In the first phase of the covid-19 pandemic, most countries tried to starve the disease of the oxygen it needed to spread by implementing lockdowns and aggressively tracking down everyone who an infected person might have come in contact with, to limit its further spread. While that strategy seems to have worked in some countries like New Zealand, it hasn’t been effective everywhere.
Most countries that haven’t been able to halt the disease in its tracks have to resign themselves to the fact that they are in the “community spread” phase of the disease. The only options available to them are to achieve herd immunity or develop a viable vaccine. In the short term, this means that we will have to learn to live with the disease—recognising that as we ease the lockdown and restart the economy, there will be asymptomatic people among us, potentially infecting those that they come in contact with. Even if it is no longer an option to keep people locked up in their homes, it remains incumbent upon us to find an effective way to identify those who are infected so that they can isolate themselves at home till they are no longer a threat to people around them.

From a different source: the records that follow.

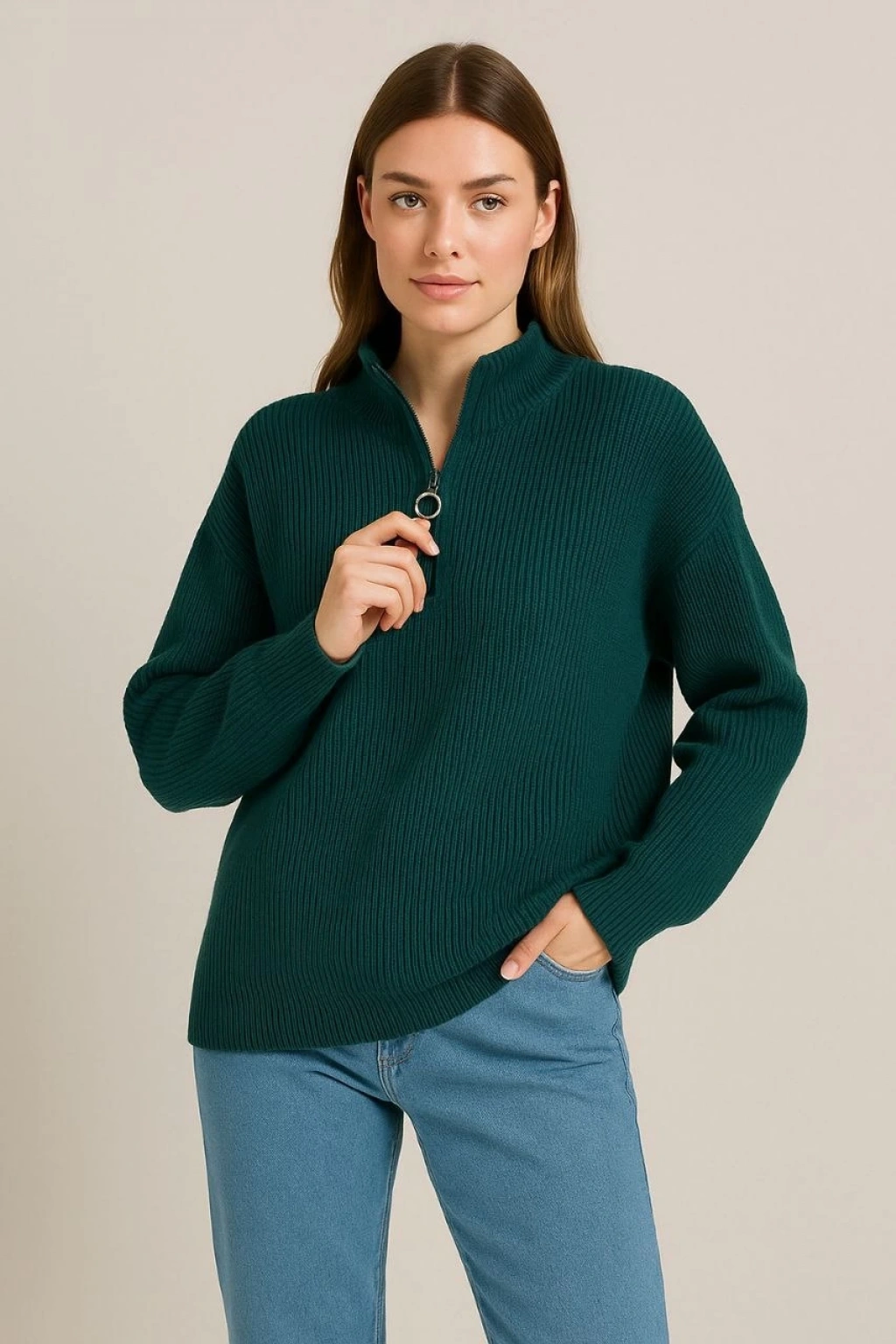 KADIN YARIM FERMUARLI TRİKO KAZAK – SELANİK ÖRGÜ, DİK YAKA, PAMUKLU DOKUMA, OVERSİZE UZUN KOLLU KIŞLIK MODEL - MİNT YEŞİLİ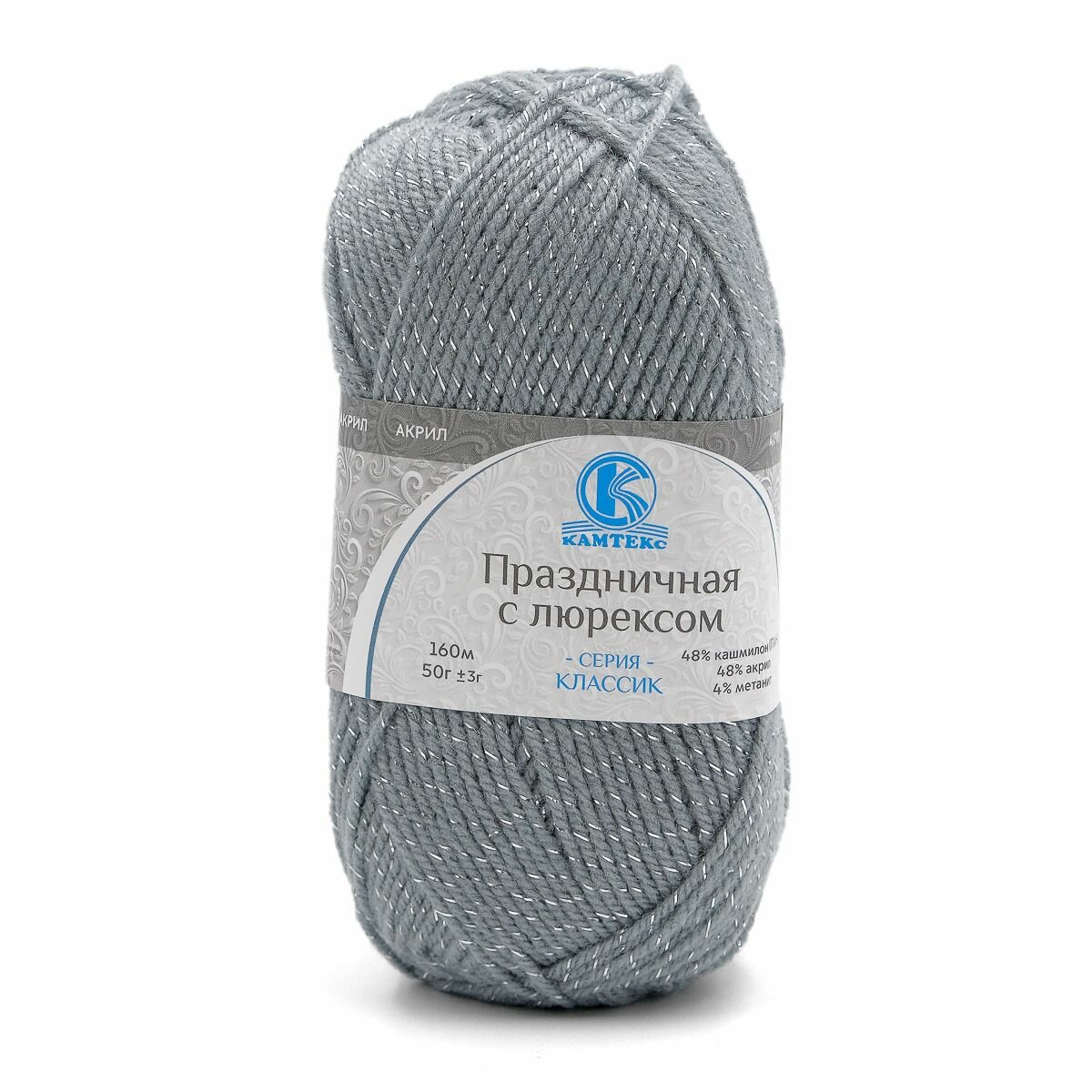 Пряжа для вязания Камтекс 'Праздничная с люрексом' 50г, 160м (кашмилон, акрил, метанит) (168 светло-серый), 10 шт информация: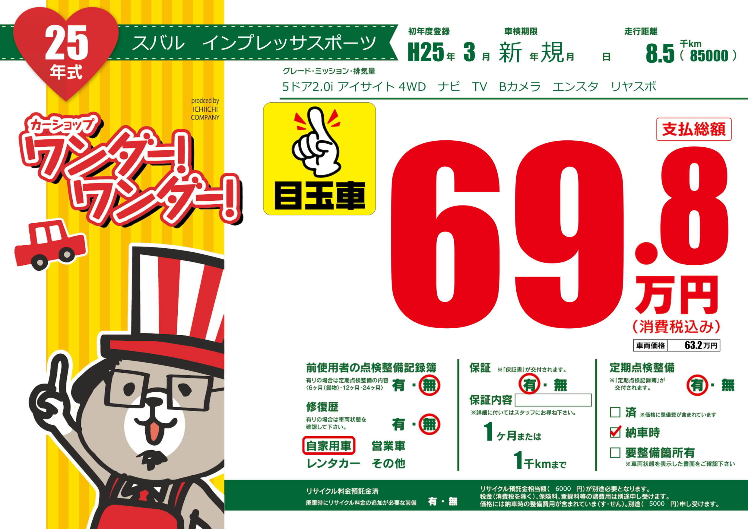 | 走行キロ | 0.8万km | 初年度登録 | H25年3月 |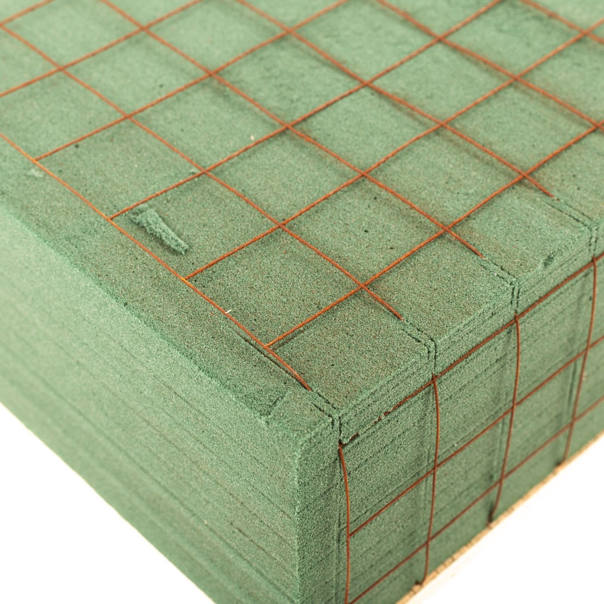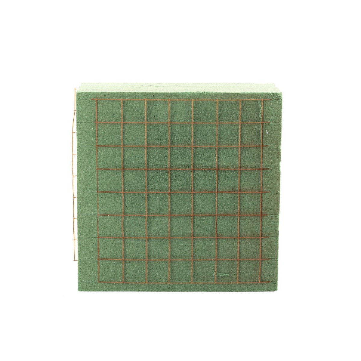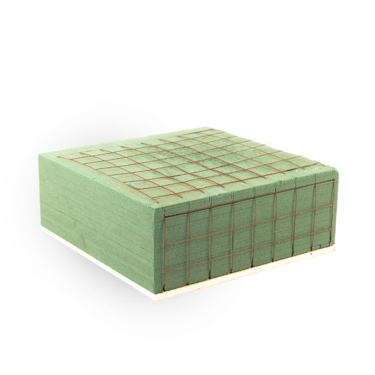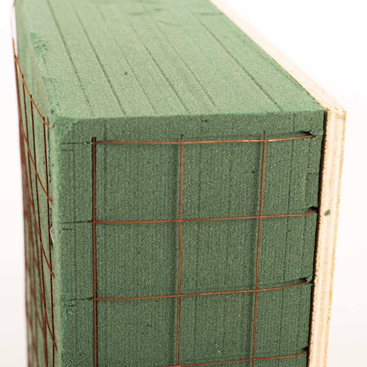 Adorno funerario Ökodur Espuma floral VESDO con rejilla metálica, borde para agarrar, base de madera natural, verde, 23 x 22 x 8,5 cm
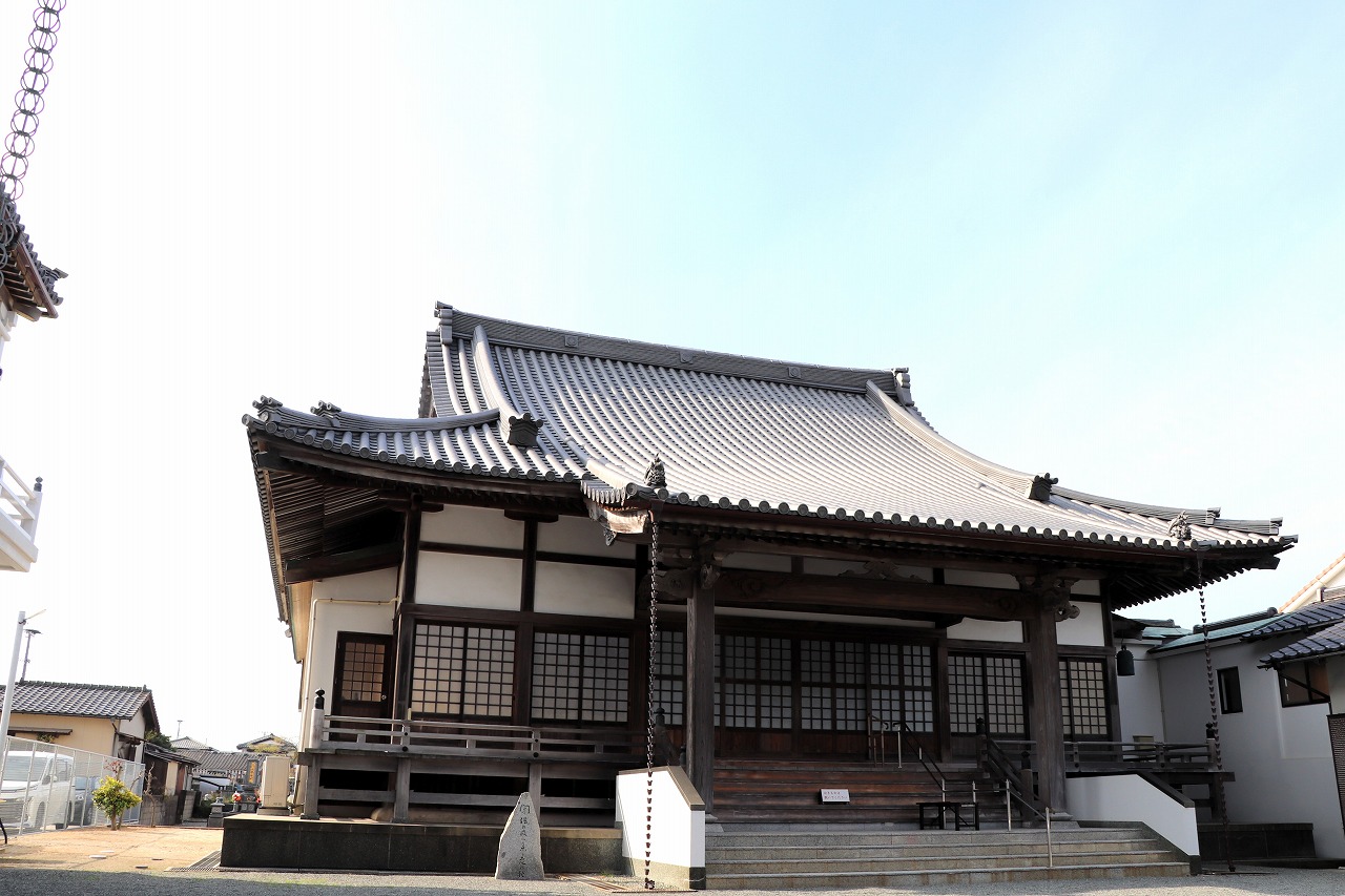 天神からわずか30分、JR西戸崎駅からわずか徒歩10分という好アクセスですが、道路を挟んだ目の前に海ノ中道海浜公園が広がり、付近に西戸渡船場もある、爽やかで風光豊かなお寺です。

App-based contact-tracing is one way of doing this. These mobile phone-based technologies use bluetooth to algorithmically assess the likelihood that the primary and secondary contacts of someone who is confirmed positive have been infected so that they can be appropriately warned to either isolate themselves at home or get tested for covid. But even the best contact-tracing app is no substitute for actual virological testing. In this next phase of the epidemic, it is this sort of testing that will assume crucial importance.
In a recent article, Paul Romer suggested that as nations come out of lockdown, they should be adopting an “identify and isolate” strategy. To do this, they need to dramatically increase the volume of their testing. His recommendation for the US is that everyone should be tested once every two weeks—an approach that translates to 25 million tests per day in that country alone. This frequency is necessary because there is no guarantee that someone who tests negative today will not get infected tomorrow. It is only by testing everyone again and again that those who happen to test negative should be let to interact with others who are disease-free, while the infected stay locked down till they recover.
In order to even consider this approach, tests need to be widely available at a low-enough cost for them to be iteratively administered at population scale. Their results should be available as soon as possible after testing, so that infected people don’t end up infecting others while waiting for their results. At present, there is no cost-effective test capable of providing near-instant results that has been approved. But this is what we need to be pouring resources into.
Once this level of testing becomes a reality, countries will be able to issue health passports—certificates of a people having been tested recently and found to be negative. Those in possession of these passports will be able to engage in activities that bring them in close contact with others. If at any time they test positive, they will have to isolate themselves till they are no longer contagious.
For those who have recovered from the disease and are immune, countries will begin to issue immunity passports (bit.ly/3fuGl6A)—universally accepted documents that confirm that the holder can no longer contract or spread the disease. These documents will become pre-requisites for global travel—much like the yellow fever card you need, even today, to enter certain countries in West Africa.
As inevitable as immunity passports might be for international travel, there is a real likelihood that we will see them rolled out in various social contexts well before they are used for travel.
As more people recover from the disease, the world will start splitting along the lines of those who are immune to the disease and those who are not. When that happens, immunity passports may become yet another fault-line down which society begins to fracture.
As with most things, the affluent have a greater chance of recovering from a disease that, at its most extreme, requires long weeks of expensive treatment in intensive care. That being the case, immunity passports might become yet another manifestation of privilege.
When immunity passports deny opportunities to those who haven’t yet built up the necessary antibodies to not be a threat to those around them, it will affect the poor and marginalized more than the privileged. Immunity will become yet another invisible basis for social stratification—one more reason for denying access. This, in turn, could give rise to perverse outcomes—forcing otherwise healthy people to get themselves infected in order to become eligible for the passport and thus the opportunities that open up.
This sort of thinking might seem far-fetched, but it has taken hold of societies before. According to a recent article in The New York Times, it was exactly this sort of immuno-privilege that greatly exacerbated the social divide during the yellow fever epidemic in 19th century America.